Here are some examples, for the case $M=\mathbb{R}$.

For each $n\geq 0$ we have a closed ideal $$ I_n=\{f: f^{(i)}(0)=0 \text{ for } 0\leq i < n\} $$ We can write $I_\infty$ for the intersection of these, which is again closed. We can also put $$ J = \{ f : f(x)=0 \text{ for all } x \leq 0\} $$ and note that this is closed and contained in $I_\infty$.

Next, for $n,a>0$ with $n\in\mathbb{Z}$ we can let $K_{n,a}$ be the principal ideal generated by the function $\exp(-a/x^{2n})$. These are all different and contained in $I_\infty$. I am not sure whether they are closed.
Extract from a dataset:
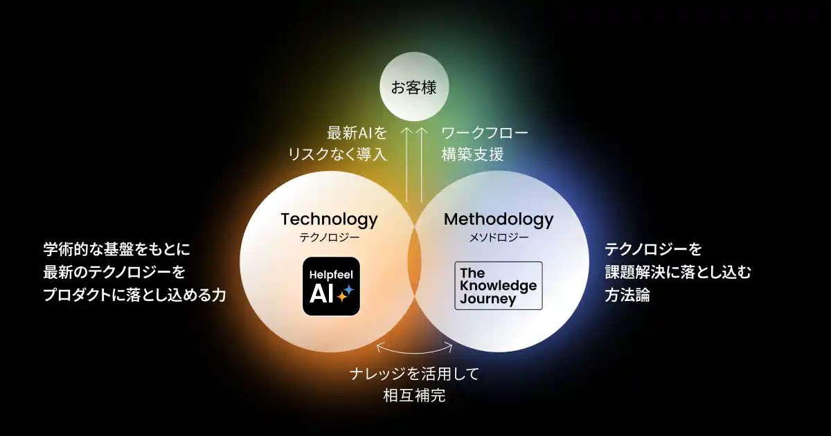 Helpfeelの独自性は、国内トップクラスの「テクノロジー」と、企業の成果創出を支える「メソドロジー」を一社で兼ね備えている点にあります。 |

For another kind of example, let $\mathcal{U}$ be a free ultrafilter on $\mathbb{R}$ and put $$ L = \{f : f^{-1}\{0\} \in \mathcal{U} \}. $$ This is a non-closed maximal ideal.

UPDATE:

Now let $A$ be an arbitrary closed ideal in $C^\infty(\mathbb{R})$. Put $$ X_n = \{ x\in\mathbb{R} : f^{(i)}(x)=0 \text{ for all } i \leq n \text{ and } f\in A\}. $$ Specialising Reimundo's answer to the case $M=\mathbb{R}$, we see that $$ A = \{ f : f^{(i)}=0 \text{ on } X_n \text{ for all } i\leq n \}. $$ The sets $X_n$ are closed, with $X_n\supseteq X_{n+1}$. Moreover, if $x$ is a non-isolated point of $X_n$ (so it is in the closure of $X_n\setminus\{x\}$) then it is easy to see that $x\in X_{n+1}$. I would guess that the closed ideals biject with chains of subsets with these properties, but I have not tried to prove that.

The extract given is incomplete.